Large tech errors and omissions liability claims are also a possibility due to several associated businesses being affected by this data breach.

“Related parties could argue that Change Healthcare’s technology product did not work as intended because they had a security breach, so there’s also a security privacy aspect to it from a liability standpoint,” Snyder Frenier said.

“The tech E&O and the security privacy liability certainly overlap.”

Lastly, for the companies and organizations using Change Healthcare as a clearinghouse, business interruption can be very cumbersome.

“They may not have a contract in place with another such clearinghouse, which can result in these businesses incurring expenses to figure out how to get these claims paid,” Snyder Frenier said.

“Depending on how long this goes on, we will need to see if there is true net income impact, how large the extra expenses will be and whether or not they breach the retention on cyber insurance policies.”

The SVP believes that this attack is akin to the Colonel Pipeline ransomware event from 2021, where the oil and gas lynchpin was the subject of an IT breach that affected the company’s ability to deliver gas in certain regions of the United States.

“Colonial Pipeline could still run their business, but they didn’t know what they were pumping and distributing,” she said.

“Because that was on their IT system, they were put in a very difficult position of having to determine if they were going to pay a ransomware demand so that they could get access back to their systems.”

On March 8, UnitedHealth Group revealed that Change Healthcare’s platform will be up and running on March 15, while its medical claims network will be back online March 18.

Lessons from the Change Healthcare cyber breach

According to Snyder Frenier, cyber insurance professionals and the clients they serve can learn a lot from this attack.

“Cyber resiliency is not just about having better firewalls or more MFA, it must include a true third-party risk management plan, understanding the cybersecurity of the third parties that you’re contracting with and then creating redundancies,” she said.

In the case of businesses solely relying on the capabilities of Change Healthcare, it is wise that they also look to alternative means of collecting payments and not putting all their eggs in one basket.

It is important to have incident response, business continuity and disaster recovery plans in place alongside tabletop exercises to practice those plans.

Furthermore, Snyder Frenier thinks that cyber underwriters could benefit from understanding cyber risk from an alternative angle.

“We don’t typically see underwriters asking a lot of questions around single points of failure within an industry.
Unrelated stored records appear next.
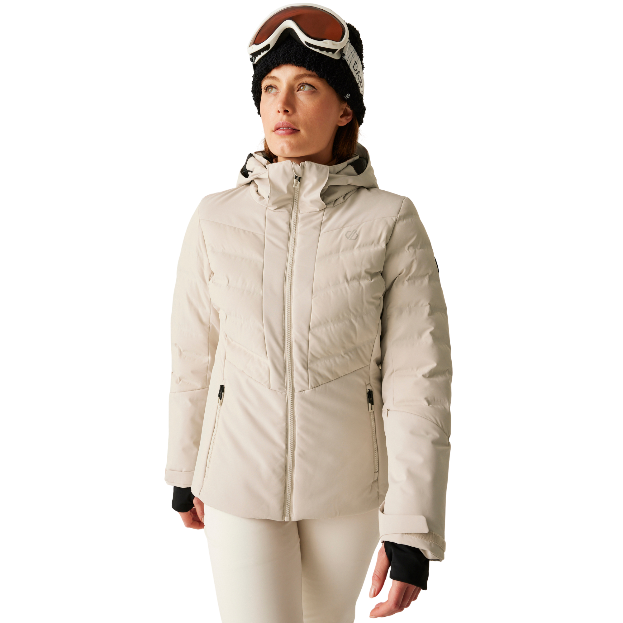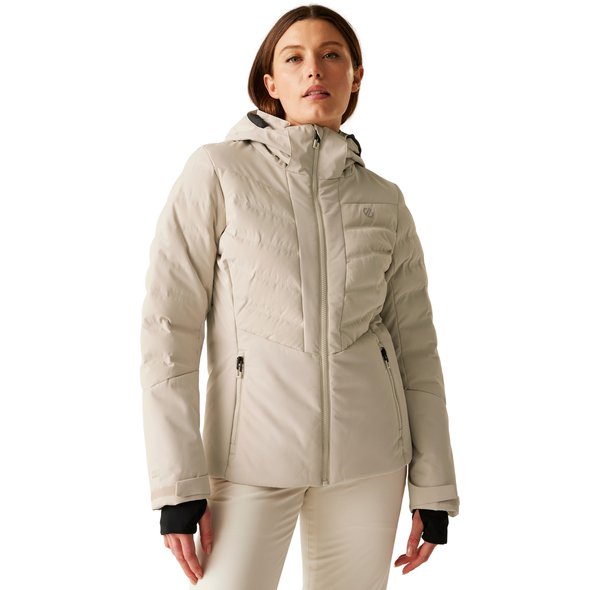 Protective and durable, Dare 2B's Gliding women's ski jacket is built for alpine performance. Made with ARED 10/10 waterproof fabric and articulated sleeves, it offers freedom of movement and warmth. It's packed with ski-ready features, and is finished with a wired peak hood, secure pockets and heat-sealed design elements.
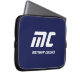 Monogram Dark Blue Minimalist Name White Text Men Laptop Sleeve
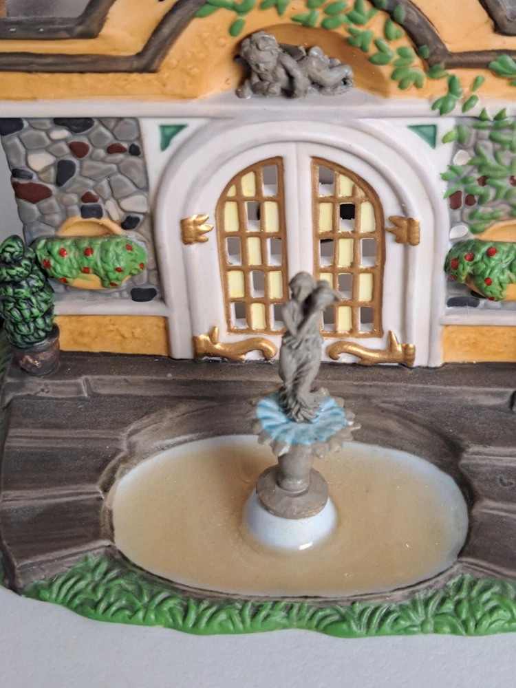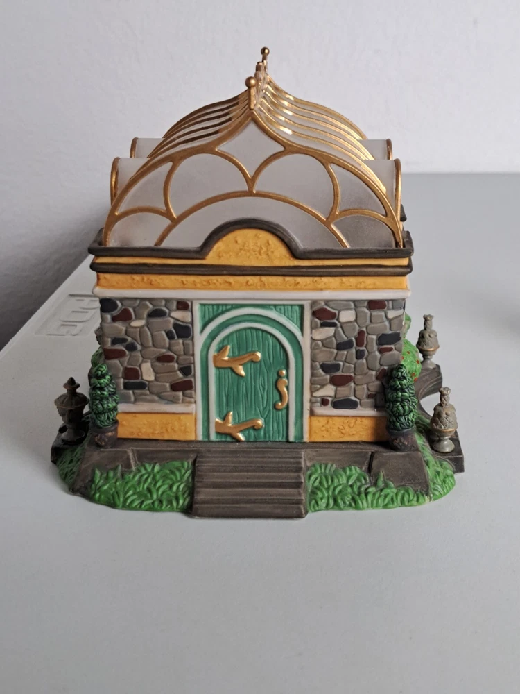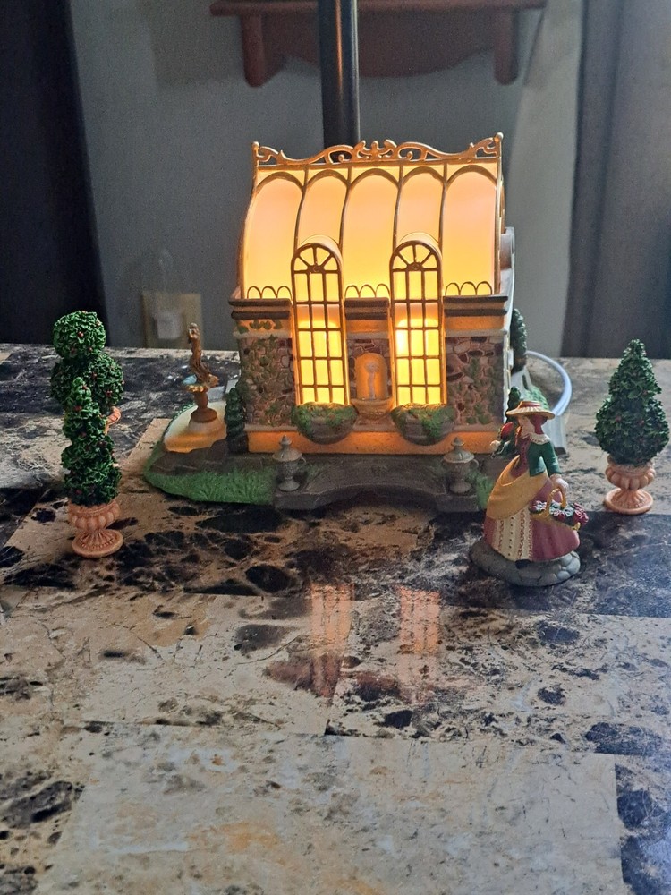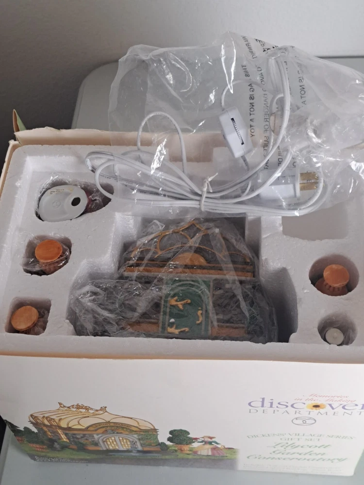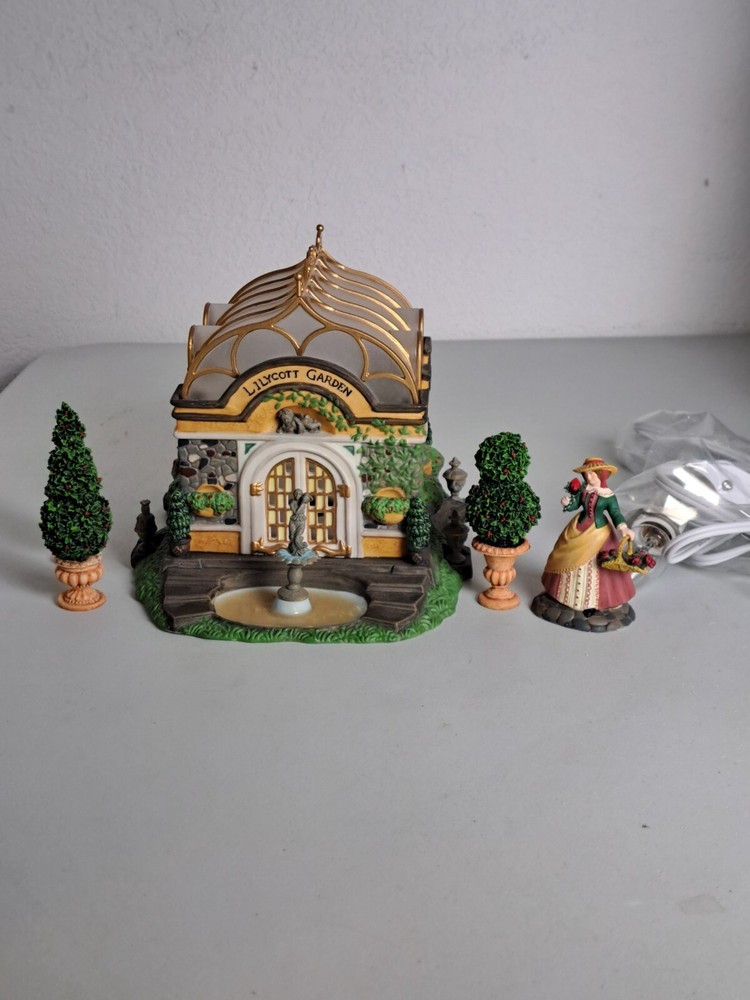 Dept. 56 Dickens Village Series Set LILYCOTT GARDEN CONSERVATORY is in Nice Pre-Owned Complete Condition. 2 Urn Pots On Building Side Have Been Reglued. Brand New Cord w/ Light Bulb. Box Flap Has Tear On Back Side and Taped. VERY PRETTY PIECE!!
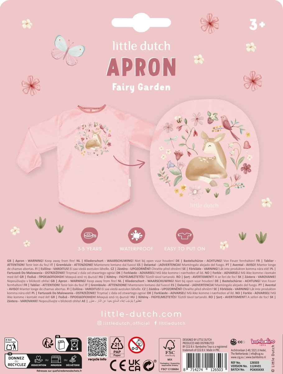 Een handig en vrolijk kliederschort van Little Dutch, perfect voor kleine kunstenaars die graag knutselen, schilderen of helpen in de keuken. Met het betoverende Fairy Garden-motief wordt elk creatief moment extra leuk!
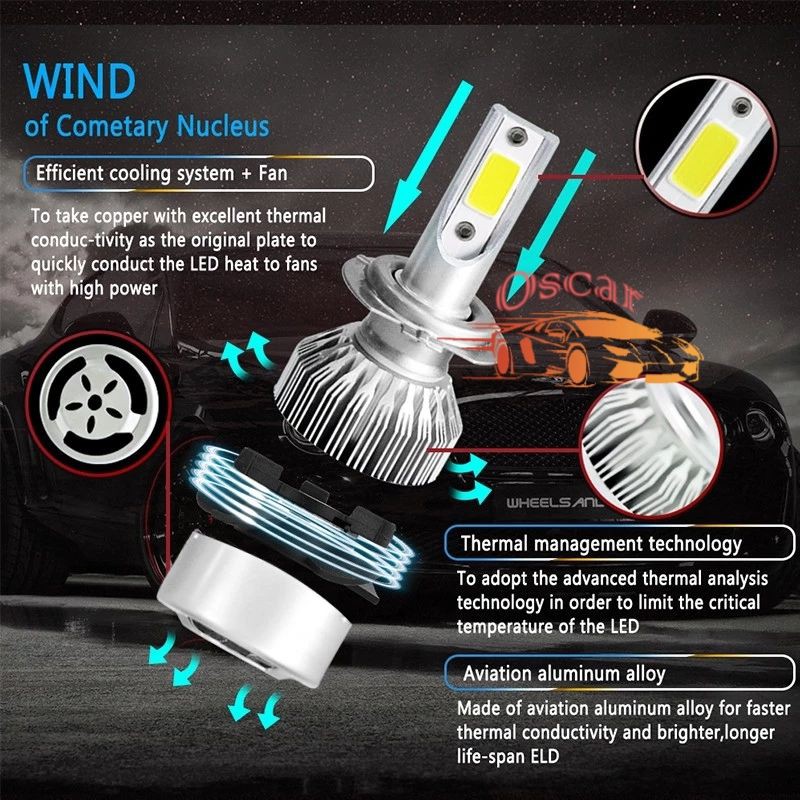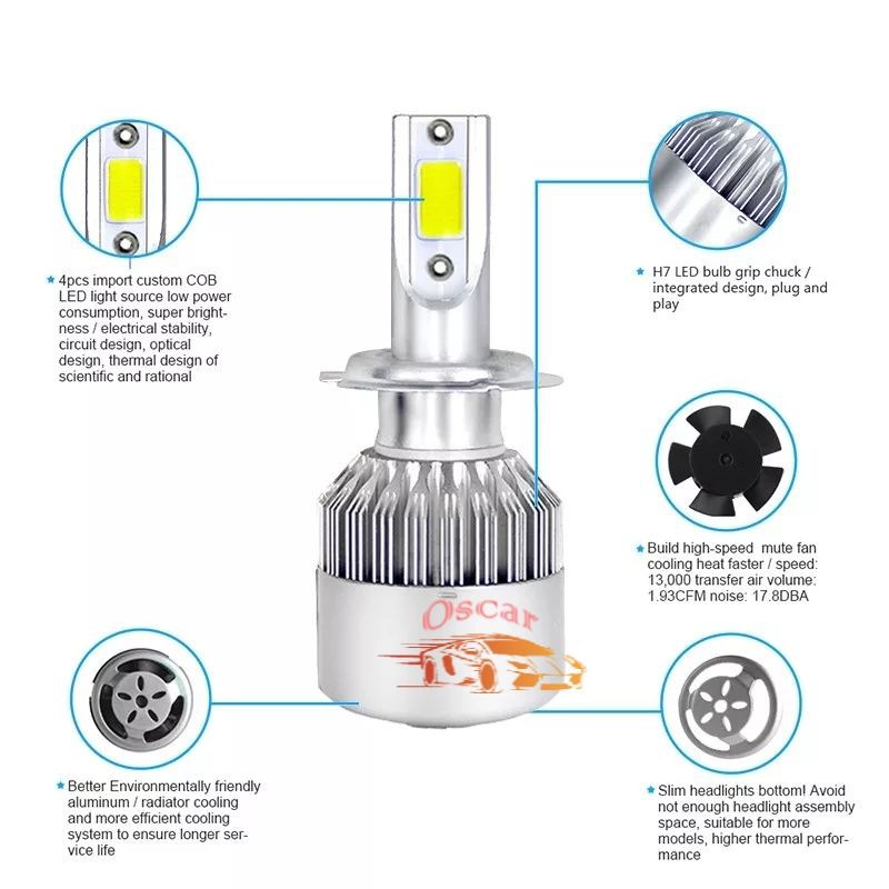 Lampu Utama Mobil LED Headlight C6 SILVER H1 H3 H4 H7 H11 HB3 HB4 9005 9006 H8 36Watt 36 Watt 36W
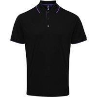 100% Polyester. Fabric: Pique. Design: Contrast Detail. Cuff: Contrast, Ribbed. Fastening: Pull Over. Neckline: Ribbed Collar, Turn Down Collar. Sleeve-Type: Short-Sleeved. Fabric Technology: Moisture Wicking. 3 Button Placket, Contrast Neck Tape, Easy-Care, Inner Placket, Self-Coloured Buttons, Side Panels, Side Vents. 155gsm. Sustainability: REACH, Sedex, WRAP Certified. | Premier Men Coolchecker Contrast Pique Polo Shirt in Black | Size: 4X-Large
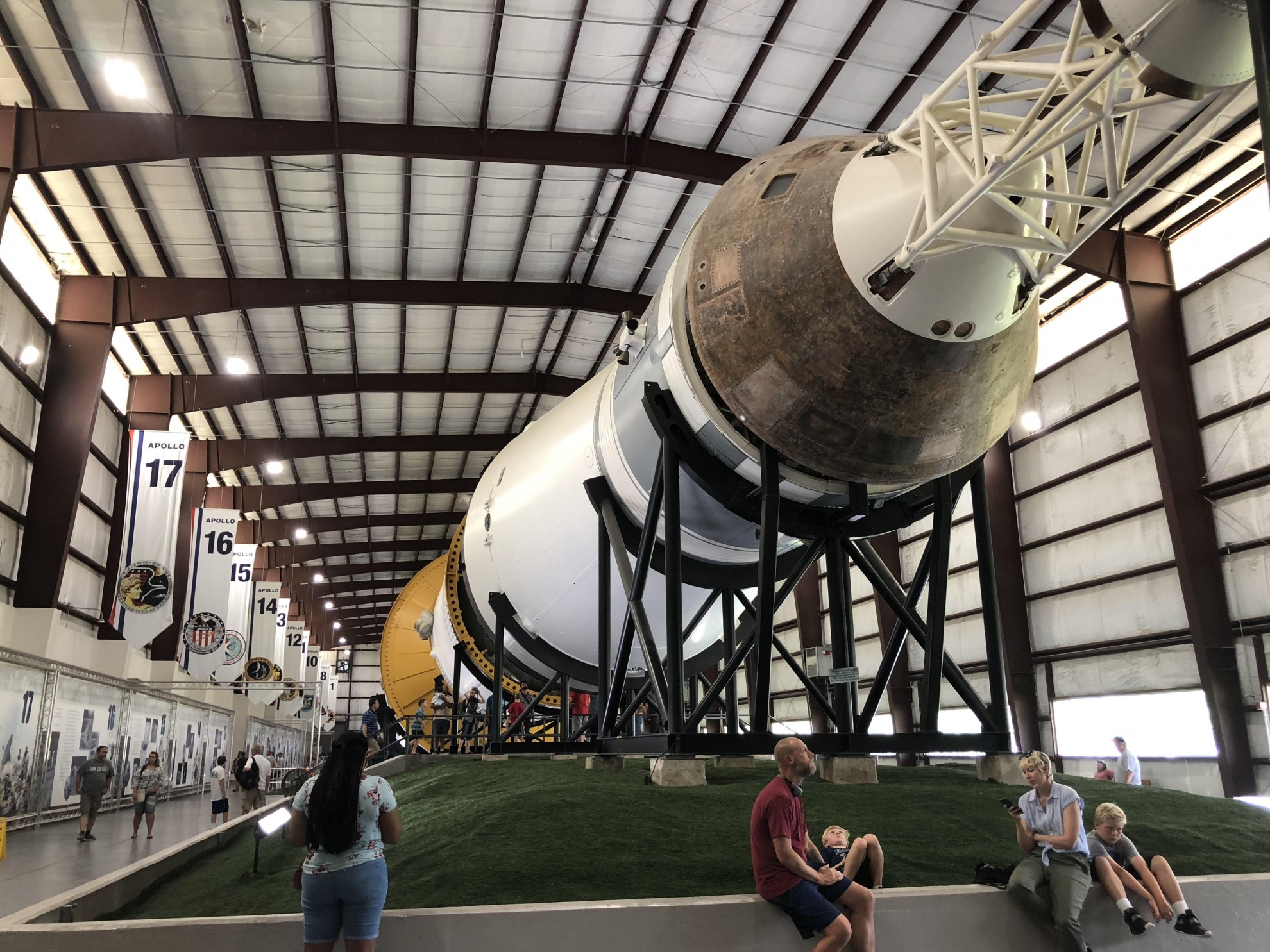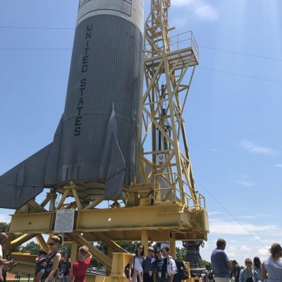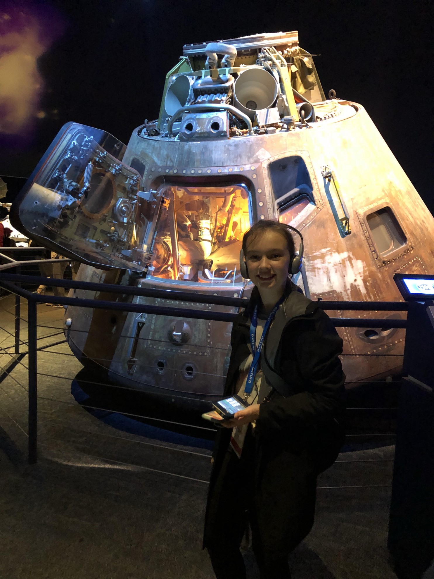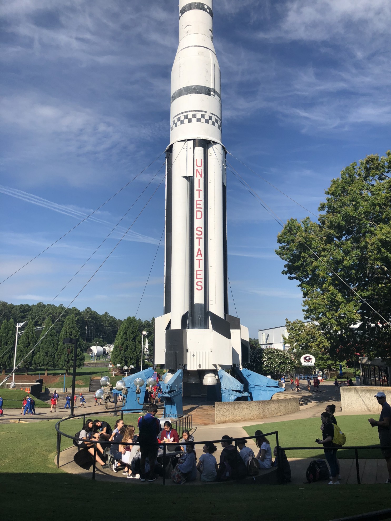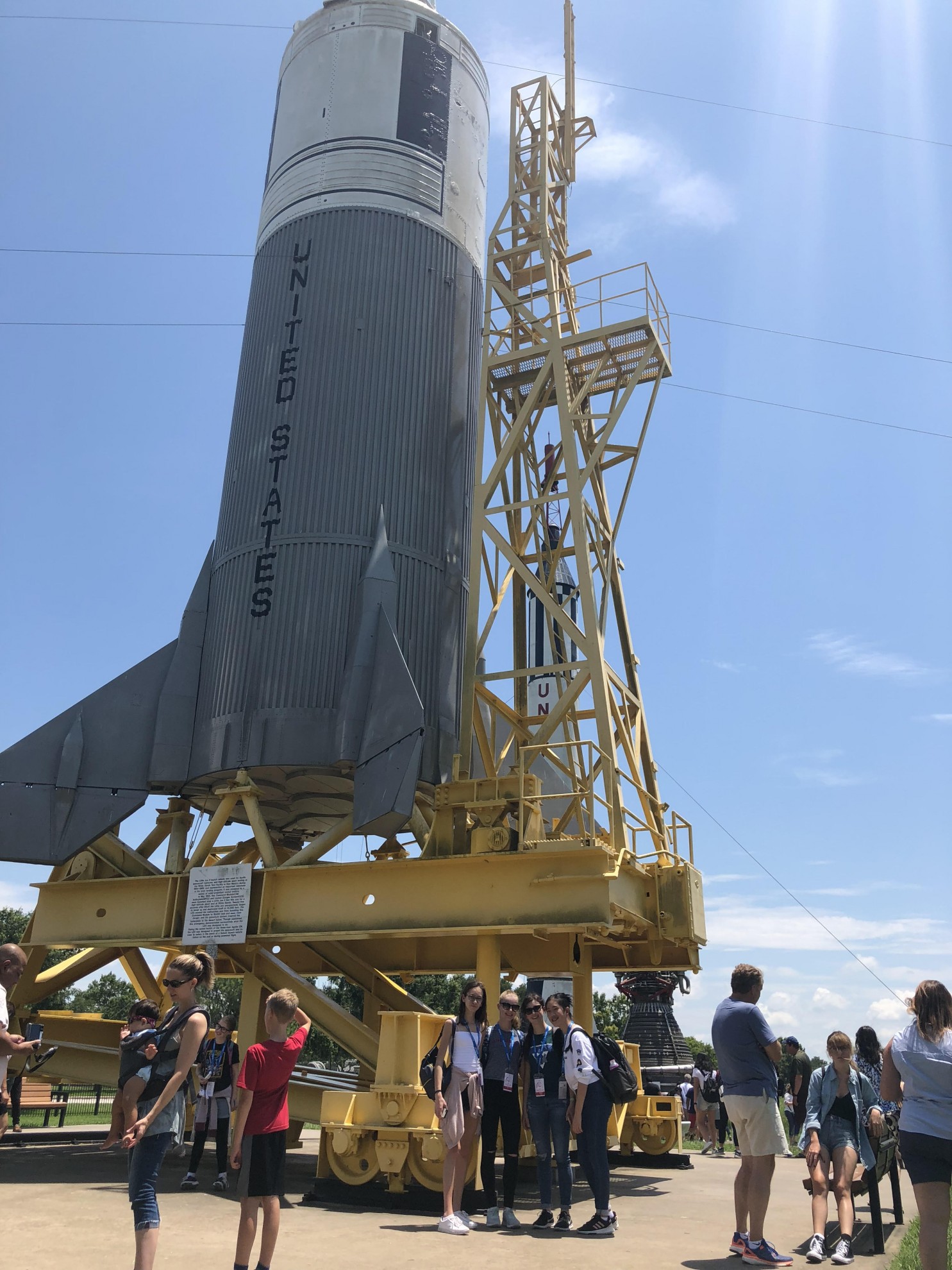 After lunch, we hopped on a tram for a tour of the campus, continuing on from our visit on Wednesday. This time, we travelled to the original Apollo Mission Control Centre which was operated in the 1960s, from which all historic communication with Apollo astronauts occurred. We could see the control room through the glass from the VIP viewing box, which was a section reserved for invited guests to watch the mission control live. The centre, which is still fitted with some of the original computers used, received the famous words, “One small step for man, one giant leap for mankind” alongside all other communication for the Apollo missions. We then headed to Rocket Park, in which, among other rockets, the Saturn V is on display – the huge rocket used in the Apollo space missions to the moon. It was very exciting to be so close to the rockets and read about each of the Apollo moon missions.
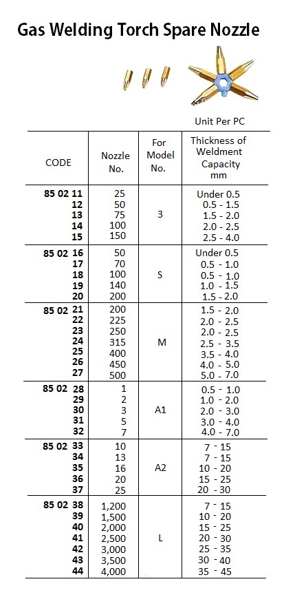 SPARE NOZZLE FOR NO.A1 GAS WELDING TORCH, NO.5 ( 6KIND/SET ) – SET
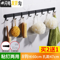 三维工匠免打孔黑色北欧风挂衣钩不锈钢挂钩试衣间卫生间衣帽钩厨房排钩 雅黑方钩8钩粘钉两用(买二送一

There’s a lot of focus on systemic risk in cyber insurance that focuses on what happens if there’s an outage of a cloud service provider or what happens if there’s an outage or a critical vulnerability that’s exploited in an operating system,” she said.

“But are they pulling back and looking across the entire industry to identify the single points of failure since there’s only so many companies that service particular needs of the healthcare ecosystem like Change Healthcare?”

However, Snyder Frenier is optimistic that the Change Healthcare breach will enable positive changes on understanding and underwriting cyber risk.

“There will certainly be a lot of lessons learned,” she said.